I want to stock up some AA and AAA batteries. Now I am wondering if I should go for chargeable or non chargeable. Any suggestions?


----------



## paraquack (Mar 1, 2013)

Rechargeable can be used for some years but they usually do not have the power output of 
alkaline batteries. Eventually all batteries will fail. I have a supply of each. What I don't 
like is the "kits" that contain AA size rechargeables and sleeves that turn them into C or D 
batteries. they are still AA batteries and have the power output of a small AA battery.


----------



## 8301 (Nov 29, 2014)

I use rechargeables and keep plenty of them. For the AAA and AA sizes Eneloop makes the best and can be recharged over 1500 times. Other sizes and I prefer Tenergy and Orbitrinic; advoid the Surefire brand.

As paraquack already pointed out rechargeable batteries can only hold about 65% of the charge a premium non-rechargeable battery can hold so for high drain devices they may disappoint. 

Rechargeable batteries cost 3-4 times as much, don't hold as much charge, and require a $25 recharger, but if the SHTF they are absolutely the best way to go and if SHTF doesn't happen they will save you money in the long term.


----------



## spork (Jan 8, 2013)

Just like anything else, diversify.

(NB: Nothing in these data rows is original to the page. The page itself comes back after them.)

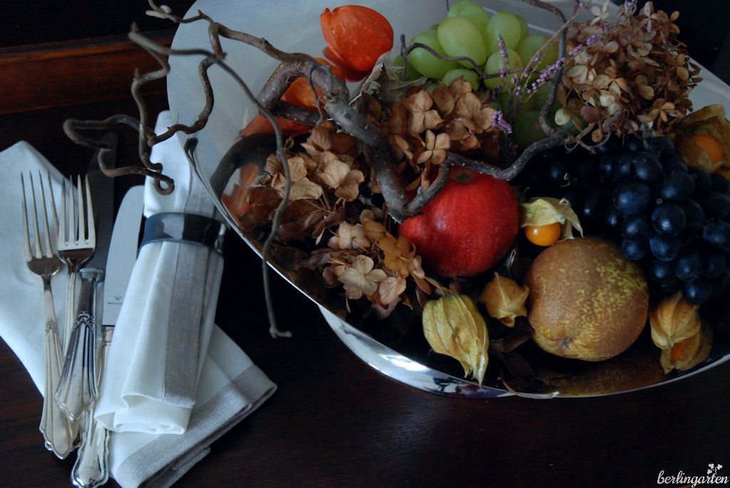 - Obst wie bei den Alten Meistern: einfach mit Zweigen und getrockneten Blüten vereinen
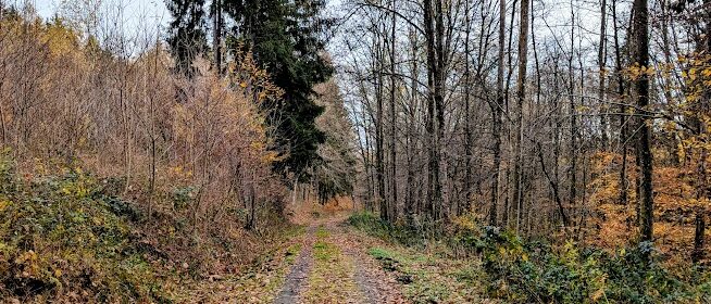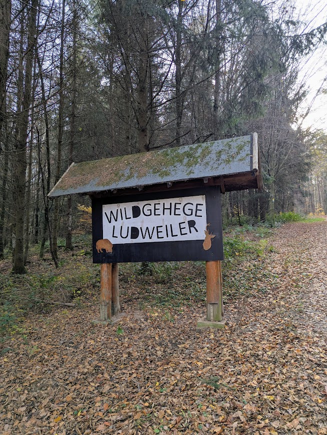 So sieht der Herbstwald hinter Dorf im Warndt aus. Zunächst also weder richtig sonnig noch richtig trüb. Ein leichter Wind streicht durch die Bäume. Die Stille ringsum ist nicht vollkommen, aber die hier und da hörbaren Geräusche sind vollkommen unaufdringlich. Am Rande des Weges ein verrottender Wegweiser des Saarland-Rundwanderweges, der mir fürs Erste als Orientierung dienen soll.
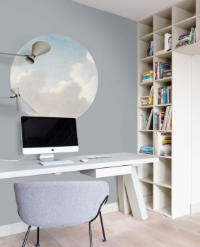 Jak se rozhodnete kruh nalepit je samozřejmě na vás, ale byl navržen z horní a dolní částí. Což znamená, že spoj je vertikálně, přesně uprostřed. Při lepení kruhu může pomoci si nejprve nakreslit na zeď svislou čáru pomocí olovnice. Pomocí této čáry úhledně vyrovnejte první část. Nalepení druhé části je zcela jasné.
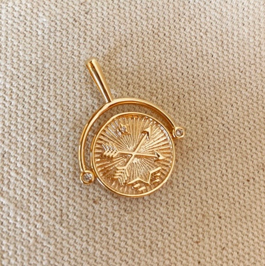 Compass Charm, Swivel, CZ Details, Gold Filled
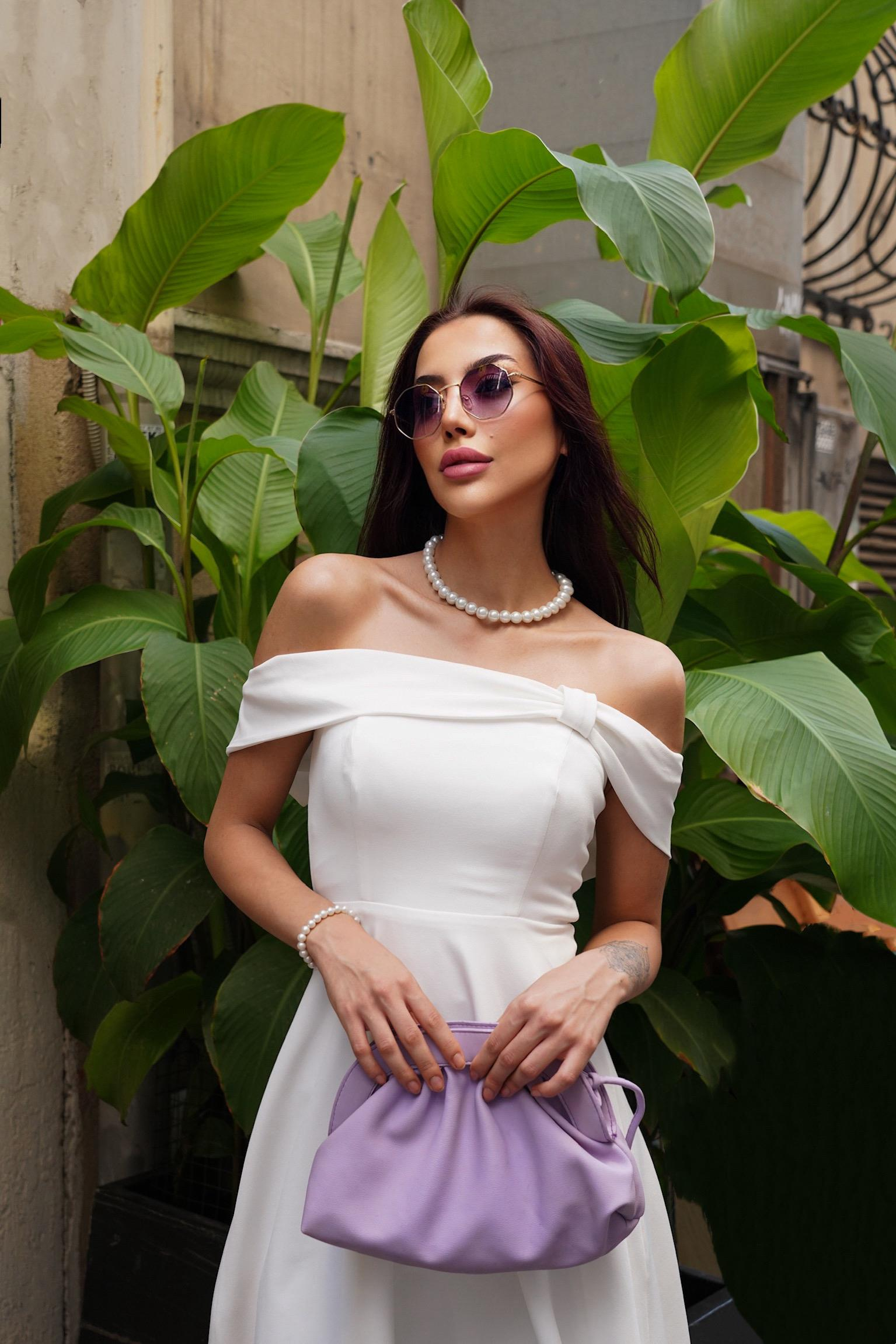 Bu zarif ve sofistike elbise, omuz detayları ve akıcı kesimi ile göz alıcı bir şıklık sunar. Omuz açık tasarımı, zarif bir görünüm oluştururken, A-kesim eteği rahatlık ve hareket özgürlüğü sağlar. Elbise, çift katlı (double) kumaştan üretilmiştir. Hürrem kumaşı olarak da bilinen bu kumaş türü, vücuda tam otururken yüksek kalitesi ve dayanıklılığı ile öne çıkar. Ayrıca, yumuşak dokusu sayesinde konforlu bir kullanım sunar.

They both have their uses. For flashlights in the cars and bags, I would want non-rechargeables. Too many lights to affordably equip all of them with rechargeables. I also want the longest run time possible in my lights for my get home bag. If I had to give a flashlight away (or trade) I wouldn't want it to leave with my good rechargeables either. The rechargeables will be well worth having in an extended power outage situation, as well as a way to charge them like a solar panel.


----------



## budgetprepp-n (Apr 7, 2013)

Get both if you can,,,, I have been experimenting with both and they are right a good alkaline battery will last longer than a rechargeable
but then they are done. Of coarse with a rechargeable you get a "Do over" after it's charged but it will not last as long.

ALSO very important: Make sure your flashlight is LED if you have a flashlight with the old incandescent bulb you will go through batteries 
like crazy. A small flashlight with 2-AA batteries will give you up to 80 hours running time

And pick up a solar battery charger -- You just never know and if you need a flashlight odds are there is no electric.


----------



## Seneca (Nov 16, 2012)

The newer non rechargeable batteries (Duracell/Energizer) have a 10 year shelf life. Which from a prepping stand point is a good thing. 

Rechargeable batteries while more expensive are great for items that get a lot of use. I keep both types in AA and it works for me. 

Using the rechargeable batteries slows down my usage of non rechargeable batteries so I get ahead by not having to buy batteries every time I turn around.


----------